Breast shrinkage can be a devastating toxicity for large-breasted women who undergo breast conservation surgery and radiation therapy. However, surgery rather than radiation therapy appears to be the cause, according to a study published online February 23 in the International Journal of Radiation Oncology, Biology, Physics.
The finding was surprising to the researchers from Cambridge University Hospitals and Addenbrooke's Hospital.
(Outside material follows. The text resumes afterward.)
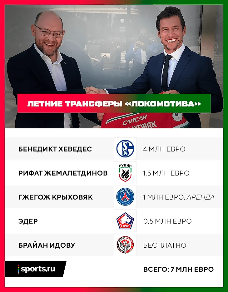 «Локо» шумит на трансферном рынке, но при этом всего лишь третий по тратам в РПЛ, если учитывать будущий переход Хеведеса. Впереди «Спартак» (9,5 млн на Жиго и Ташаева) и «Краснодар» (16 млн на Куэву, Спайич и Стоцкого). А без учета покупки Хеведеса «Локомотив» по тратам уступает даже ЦСКА (3,2 млн на Магнуссона и Бийола).

The primary objective of the randomized Cambridge Breast Intensity-Modulated Radiotherapy (IMRT) trial was to determine if IMRT could reduce late toxicity compared to conventional 2D radiotherapy, especially if the latter's breast treatment plans produced substantial dose inhomogeneities.
The group hoped to determine whether correcting such dose inhomogeneities could decrease late normal tissue toxicity in patients with early-stage breast cancer.
A total of 1,145 women of all breast sizes who had been diagnosed with invasive breast cancer or ductal carcinoma in situ were enrolled in the clinical trial between April 2003 and June 2007, according to the authors.
Patients with significant dose inhomogeneities, defined by a ≥ 2 cm3 volume that was greater than 107% of the prescribed dose, were randomized to receive either IMRT or standard breast radiation therapy. The IMRT group underwent repeat treatment planning with a manual, forward-planned IMRT technique to reduce the volumes receiving more than 107% and less than 95% of the prescribed dose. Patients with acceptable dose homogeneity were not randomized but received the standard radiotherapy treatment.
All of the patients received a dose of 40 Gy in 15 fractions over a three-week course of treatment. A portion of the patients received nodal radiotherapy treatment and/or a tumor bed boost according to local protocol.
The patients' chests were photographed following surgery prior to radiotherapy treatment, and they were photographed again two years following treatment completion. The research team assessed and scored surgical cosmesis, overall cosmesis, and surgical deficit on a three-point scale. The group also assessed breast shrinkage, breast edema, pigmentation changes, palpable induration (hardening), and telangiectasia (permanent dilation of pre-existing blood vessels).
A total of 130 patients withdrew from the study; 15 had died. Thirty women became ineligible because they developed new or recurring breast cancer.
Ultimately, breast shrinkage at two-year follow-up could be assessed for 852 patients, 71% of whom had been randomized. The researchers found no significant difference in breast shrinkage between patients randomized to IRMT or standard RT, according to co-author Charlotte Coles, PhD, a clinical consultant with the Cambridge Cancer Center of the University of Cambridge, and colleagues.
What the research team did discover was that patients with moderate or poor surgical cosmesis had a nearly five times greater risk of developing breast shrinkage and a nearly three times greater risk of developing breast induration. Surgical cosmesis was adversely affected by a large body mass index. Poor surgical cosmesis was significantly associated with older age, larger breast size and weight, and increased pathological tumor size.
The researchers were unable to determine if induration was caused by radiation therapy or if it was a side effect of surgery.
Coles and colleagues also found that of the women with good baseline surgical cosmesis, those randomized to IMRT were less likely to deteriorate to moderate or poor overall cosmesis. Patients in the IMRT group were also less likely to develop telangiectasia.
So is IMRT a less toxic therapy than conventional radiotherapy? The five-year outcome analysis, the results of which will be reported and published, is needed to address this question, according to the authors.